▶ What you have to do
Begin with the line holding "江铃控股涂装摆杆输送线包括:前处理、电泳" and end with the last line of the records below. Set down exactly those lines and leave out every picture.

+++

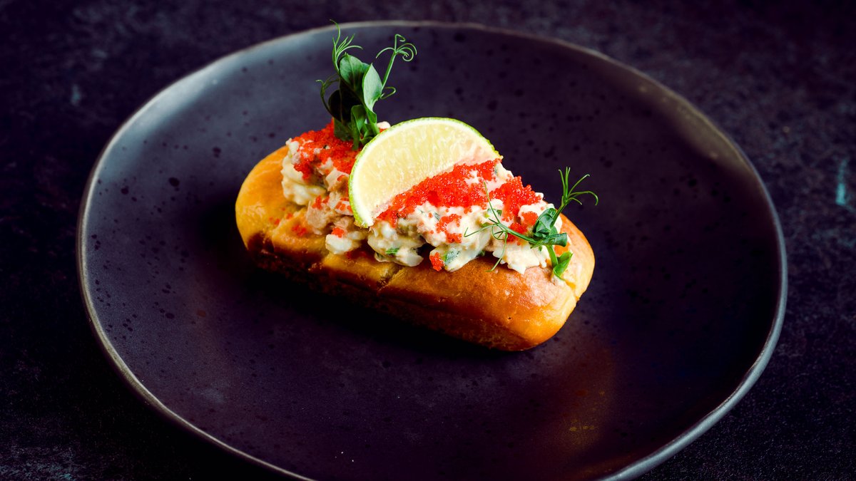 Brioche rolls ar tunča salātiem un lidojošās zivs ikriem
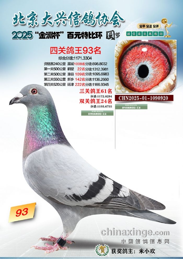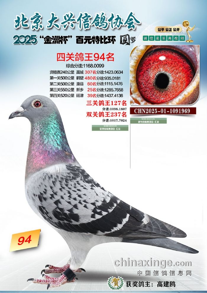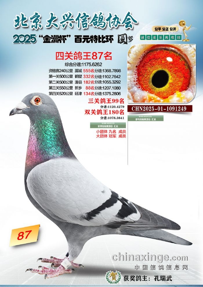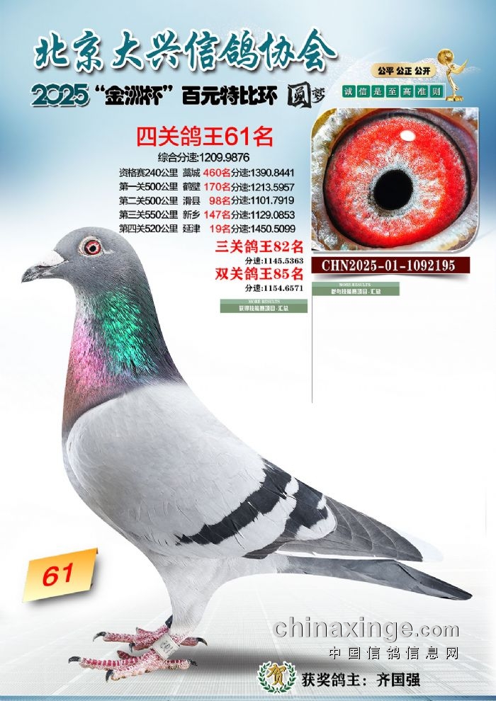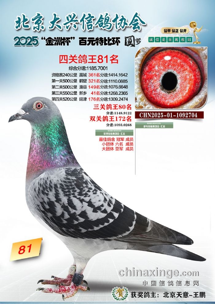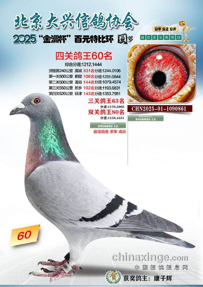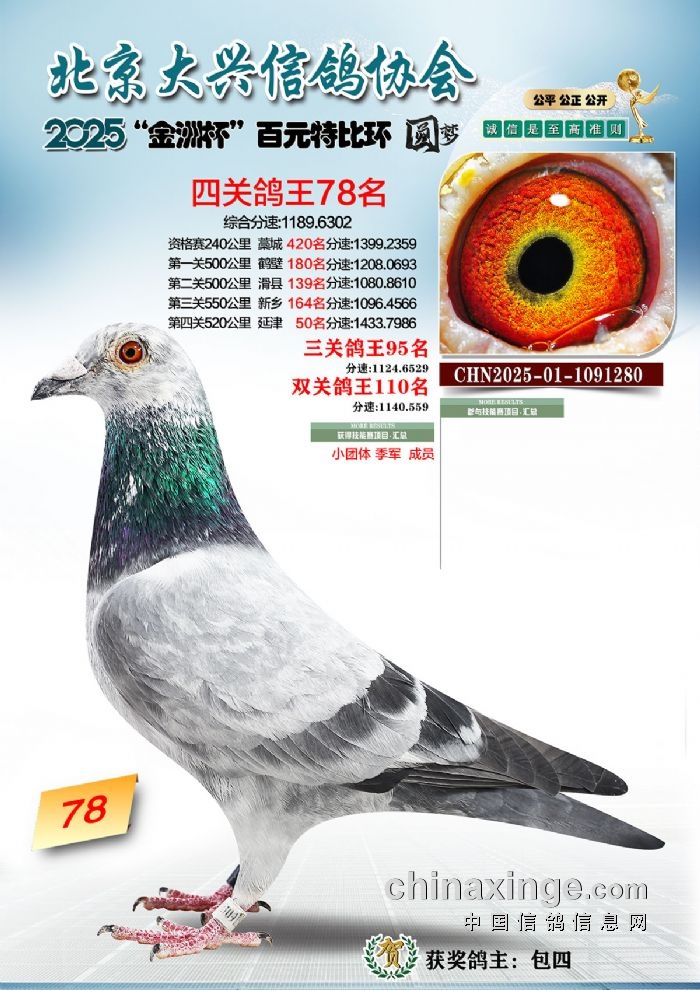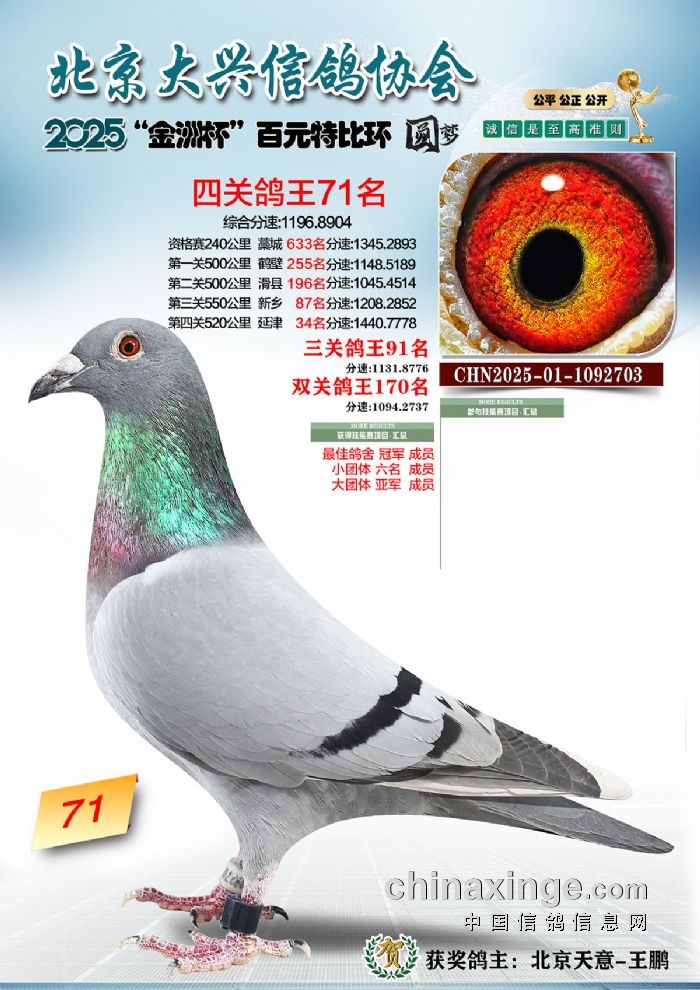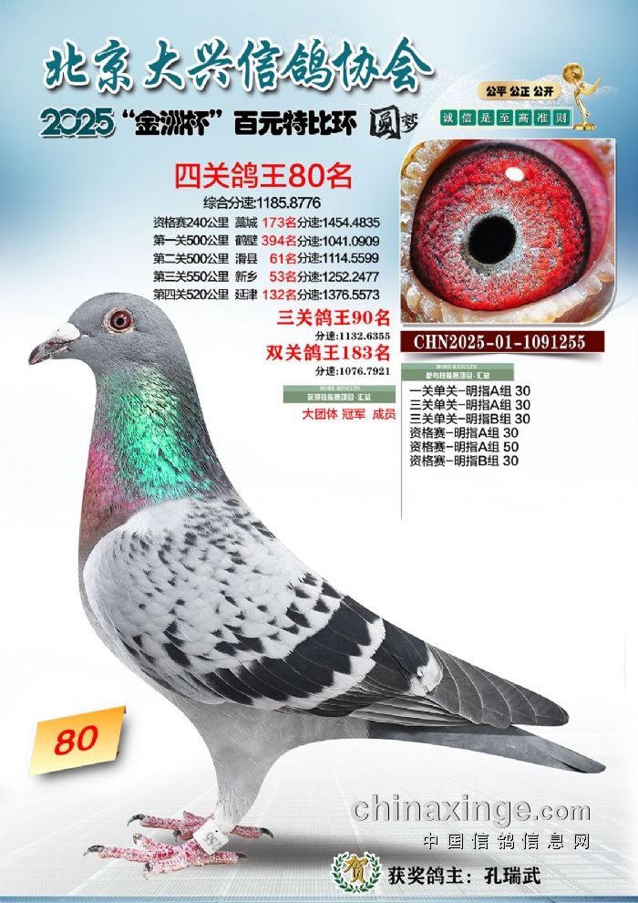 2025年“金洲杯”百元特比鸽王照片51-100名
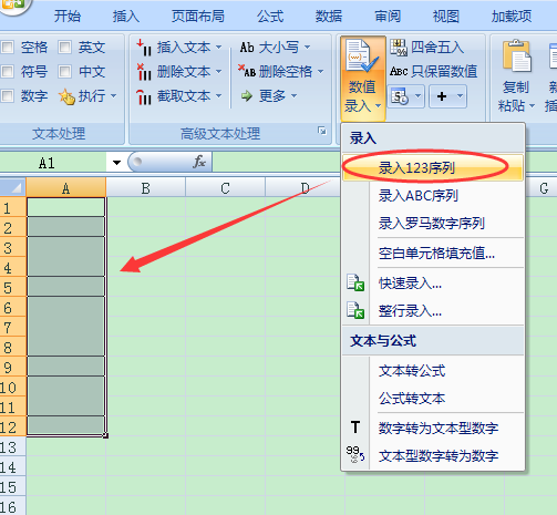 依次点开“方方格子“ 》 ”数值录入“ 》 ”录入123序列“ 即可,结果就出来了;
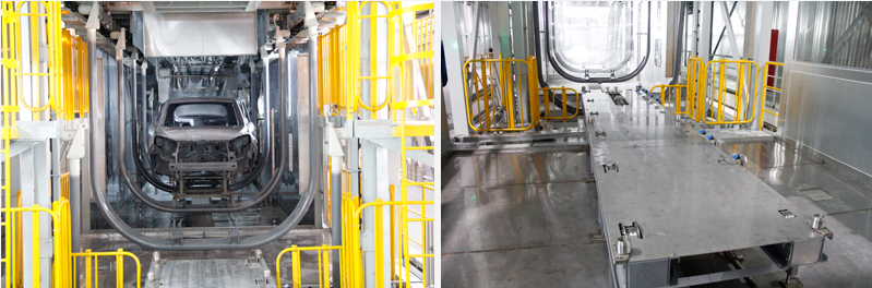 江铃控股涂装摆杆输送线包括:前处理、电泳摆杆及前后出入口滚床等。输送线配置有CS控制系统,实时监控系统、故障报警等功能。
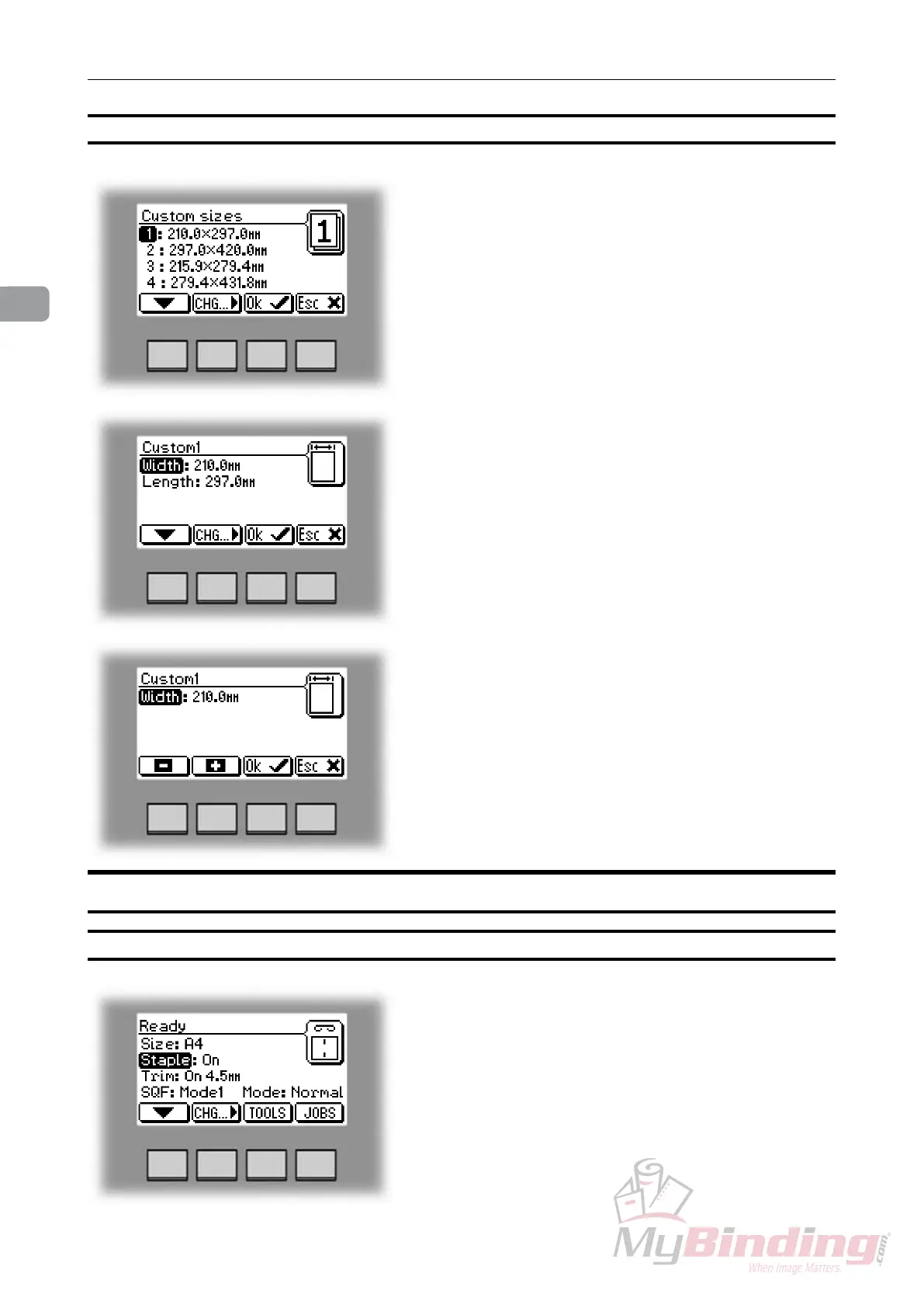 Four different custom paper sizes can be stored.

+++

▶ Result for this task
 江铃控股涂装摆杆输送线包括:前处理、电泳摆杆及前后出入口滚床等。输送线配置有CS控制系统,实时监控系统、故障报警等功能。
 Four different custom paper sizes can be stored.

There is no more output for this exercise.